2. Cannot launch hydra_bstrap_proxy or it crashed on one of the hosts. Make sure hydra_bstrap_proxy is available on all hosts and it has right permissions.
3. Firewall refused connection. Check that enough ports are allowed in the firewall and specify them with the I_MPI_PORT_RANGE variable.
4. slurm bootstrap cannot launch processes on remote host. You may try using -bootstrap option to select alternative launcher.
Having searched CESM and Itel forums, I suspect this is a system error.

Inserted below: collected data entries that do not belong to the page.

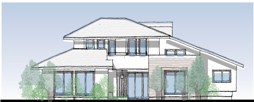
南立面図の考え方 既存の住宅デザインのおおらかな気持ちの良い大屋根のイメージを残しながら落ち着いた外観デザインとします。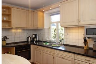
Hier noch einmal die Küchenzeile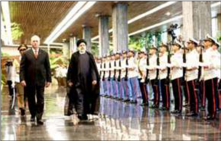
استقبال رسمی رئیس جمهور کوبا از رئیسی /هاوانا(خرداد ۱۴۰۲)

عاملی گفت: ما چند ماه پیش از مدیران خواستیم نامه‌های وزرا را منتشر کنیم اما نکردند اگر منتشر می‌شد سیل نفرین به طرف وزیر و نماینده‌ای که برای اشخاص خاص کار می‌کند روانه می‌گردید حالا که منتشر نکردند ما آنها را از بالای نفرین خلاص نمی‌کنیم و بر فرض وقوع چنین خیانتی به هر دو طایفه نفرین می‌فرستیم البته احتیاج به نفرین ما نیست آن نیروی شرکتی که ۲۰ سال است در یک اداره کار می‌کند اما تبدیل وضعیت نشده و یک لحظه می‌بیند کسی به صورت صفر کیلومتر استخدام شده او با تمام وجود خودبه بانئ این خیانت نفرین می‌فرستد و در نتیجه خزانه و نامه اعمال خائنن پر از نفرین است اضعاء حق الناس و ایجاد بدبینی به نظام اسلامی همیشه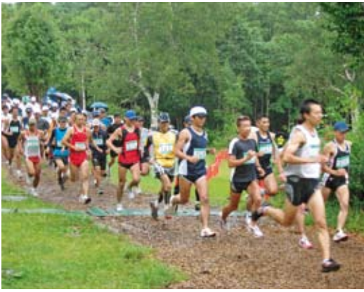
高原を駆け抜ける選手たち

このイベントは、準高所トレイルランニングの普及と森林の持つ多様な機能への関心を深めていただくために開催したもので、最短3kmから最長15kmまでの距離別ランニングや、3kmのウォーキングに合計700名のエントリーがありました。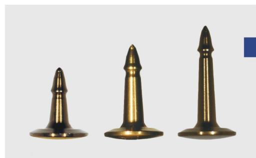
Титановый пин Osteosynt EXS усиленный, анодированный (бронзовый), стерильный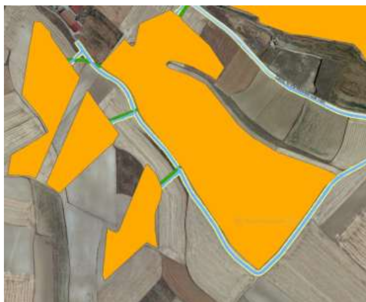
Imagen de Vial de parque (indicada en color Azul)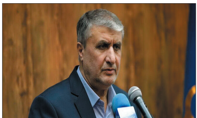
مثل الشهداء السيد حسن نصر الله وإسماعيل هنية وحيي السنوار، وسعى في الوقت ذاته عبر إعلانه المنكر عن مواقف السابقة فيما يتعلق بإعدام الإرهابيين والمجرمين في إيران، لتقديم نفسه كشخصية دولية في مجال حقوق الإنسان، كما أبدى قلقاً بشأن ما يسميه ”حالة حقوق الإنسان“ في إيران.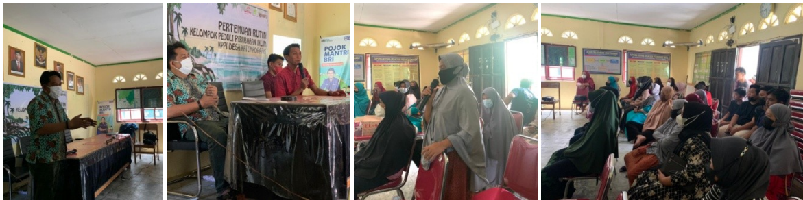
(Pertemuan di Desa Katomporang)

Penguatan Kelompok rentan atau Home Industri di Desa Katomporang dilaksanakan pada tanggal 19 Agustus 2021, Tepatnya di Kantor Desa Katomporang. Pada pertemuan ini dihadiri oleh Program Manager (PM), Field Officer (FO) Desa Katomporang dan Warga anggota Kelompok Home Industri sebanyak 20 Orang dari 20 orang yang diundang dan turut hadir juga kepala desa katomporang.

Unfortunately the many other users of Anemone have no problems of this sort. As far as I can tell they all submit jobs using batch submission files, so their recommendations refer to to various #BATCH lines, environment variables or (and I tried it) replacing mpirun by mpiexec.hydra. For various reasons there are no professional support staff except for the installation of system updates.
So to run CESM, I really have to sort this out for myself. I have tried various changes to parameters in the xml files, i.e asking for verbose output, without success or further output. I have therefor had to hunt through the CIME python files, starting with barch.submit, to see if I could deduce how a job is submitted and what final set of commands is sent to sbatch - but have found the process slow, frustrating and so far without success.
I found the file ".case.run" in the mycase directory. This starts with a few #BATCH lines, but these are followed by more python and, again, calls to a series of routines deep within the Cime heirarchy to do the hard work.
So:
1. Is there a flag that allows me to see the commands finally sent to the batch system - which I can compare with the ones used by other users?
2. If not, is there a Cime python routine in which I can insert print or other statements which can give me the same information?
3. If not, is there a Cime document which explains how the batch submission process works and what it is trying to do at each stage?
Thanks for any help.